# Paralympic Rugby



## Furryanimal (Aug 29, 2021)

_



_


----------



## feywon (Aug 29, 2021)

i'm in USA and getting a message that "The uploader has not made this video available in your country."  Going to try loading one i found for other Americans to catch a glimpse.  We do have a team participating in current one i believe, but this clip from 2016.


----------



## Warrigal (Aug 29, 2021)

Wheelchair rugby is quite thrilling. Hubby and I went to see the Invictus games in Sydney and watched two semi finals of this game. I think it was US v UK and Australia v France. We enjoyed it very much.


----------



## feywon (Aug 29, 2021)

Warrigal said:


> Wheelchair rugby is quite thrilling. Hubby and I went to see the Invictus games in Sydney and watched two semi finals of this game. I think it was US v UK and Australia v France. We enjoyed it very much.
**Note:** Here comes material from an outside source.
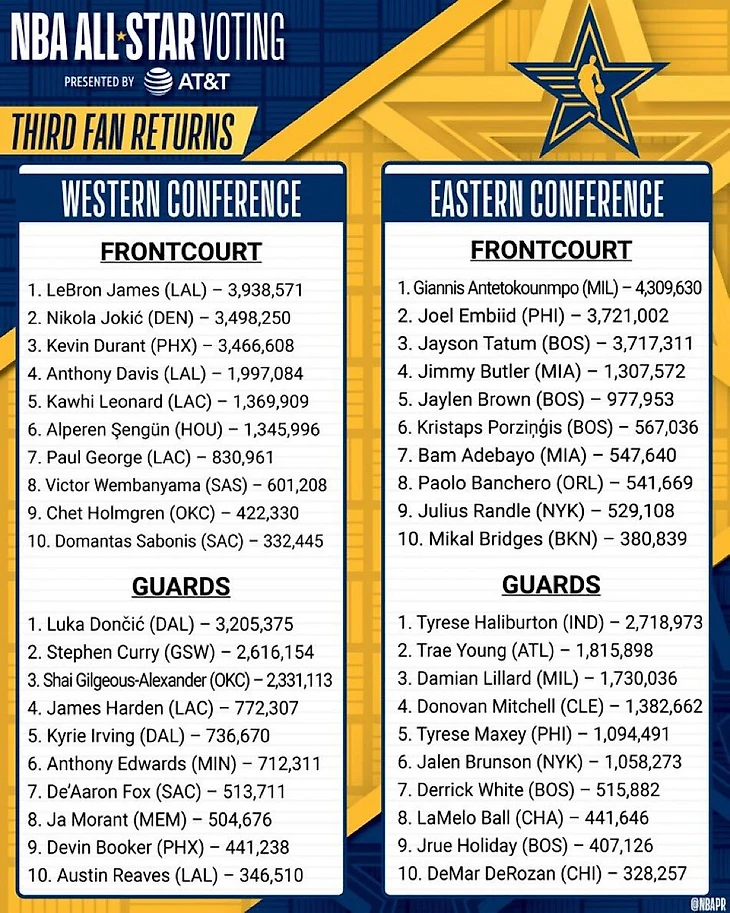 Лидерами по количеству полученных голосов в Восточной и Западной конференциях стали соответственно форвард «Милуоки» Яннис Адетокумбо (4,31 млн) и форвард «Лейкерс» Леброн Джеймс (3,94 млн).

i agree. i don't watch sports much but the paralympics do hold my attention more than regular.  Might be because i've known people who are 'differently abled' in various ways all my life.  More than once thinking about their solutions to challenges has motivated me to find ways around my own, to my mind lesser, challenges.


----------



## Furryanimal (Aug 29, 2021)

feywon said:


> i'm in USA and getting a message that "The uploader has not made this video available in your country."  Going to try loading one i found for other Americans to catch a glimpse.  We do have a team participating in current one i believe, but this clip from 2016.


VPN to UK


----------



## Kaila (Aug 29, 2021)

I too in the USA, can't get that link, but thanks for posting the thread topic.
I watched some of the Gold medal match, on mainstream TV,
today, between the UK and USA.
UK won the Gold, (their first medal ever in this sport)
and USA won the silver. (they've won Silver in this, in the past as well)

It was more interesting watching than I knew, as it differs greatly from field rugby.  They played this on indoor court, similar to basketball in some ways, and rugby in others, looked like a great sport and good game.  Those wheelchairs so well-designed for feeling free and moving; it must be a great experience, which includes, in addition to the work-out and skills and strategies, the social aspects/enjoyment of team participation, interaction and cooperation.


----------